Hi Rajeevji, I have a query regarding the expansion announcement.

The note states that the capex required for expansion of MIDC plant is Rs. 21.32 crs for proposed capacity addition of 270 lacs belts per year. The current capacity is 180 lacs belt per year. How is the capex cost so low for adding 150% of current existing capacity when the current gross block of Plant and Machinery is quite high.

Similar doubt for the 121% proposed expansion in capacity of the TRP plant where additional capex is Rs. 12 crs only.

Am I missing something basic here? Is it that these are just semi-finished products which are then further processed to make finished goods?

Also what could be the potential incremental revenue from these expansion plans given the fact that the company in the past has had low fixed asset T/O and this proposed capex is also not very big?

Regards,
Vivek

6 Likes

Although question is for rajeev sir. I will attempt to answer. Would also love to hear rajeev sirs answer.

  1. It is not fair to compare a part of the capex (20cr out of 60cr) with current gross block of plant and machinery since you are discounting the rest of capex, some of which would also go towards plant and machinery, just not at MIDC.
  2. Best form of capex is debottlenecking. Then brownfield. Then Greenfield. This looks like a mix of debottlenecking and brosnfield capex. So it should not be surprising that not that much capex is required to increase capacity by 150%.
  3. Often such small cos keep inventory in factory.

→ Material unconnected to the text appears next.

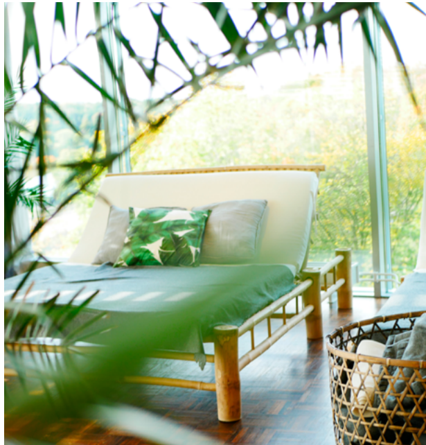
Koppla av och hitta ditt rätta element på Elements Spa.

By creating a centralized hub they would be able to utilize existing space at factories and would enable them to do brownfield capex.

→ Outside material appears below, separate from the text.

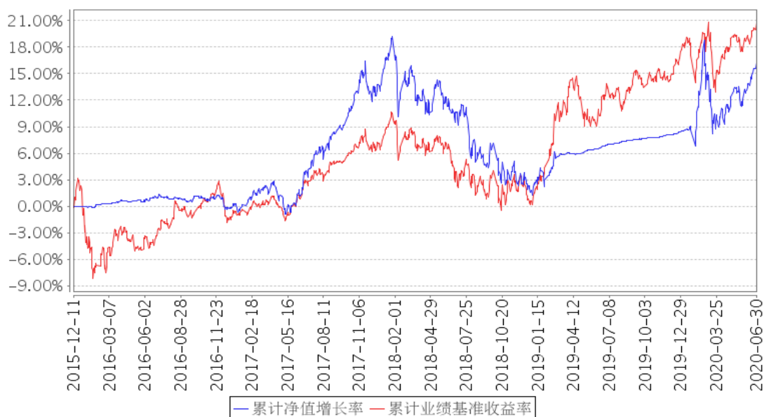
平安鑫安混合A累计净值增长率与同期业绩比较基准收益率的历史走势对比图

Having said that, all of this is just speculation on my part. Best way to get an answer would be to reach out to the management or join the August 18 agm and ask this question.

Another possibility is that this is only phase 1 of the capex and expansion to 250% capacity might take more time and money than we think.

6 Likes

To my mind the total proposed expansion, both for MIDC plant as well as TRP plant, put together, is to the tune of about 40 to 45% of existing capacity (including de-bottlenecking), which itself is substantial. Post expansion the capacity would go to 270 lakh belts & 4.12 lakh sleeves per year from the existing capacity of 180 lakh belts & 3.39 lakh sleeves. This is my understanding of the issue.

15 Likes

Yes that seems more likely to me as well. However the announcement states that the proposed capacity addition is 270 lac belts per year and 4.12 lac sleeves per year :slight_smile:

2 Likes

Sahil,

Thank you for your indepth analysis. Are your concerns about the auditor quallity resolved in your mind? This has been of concern to me and would appreciate further thoughts from VP readers.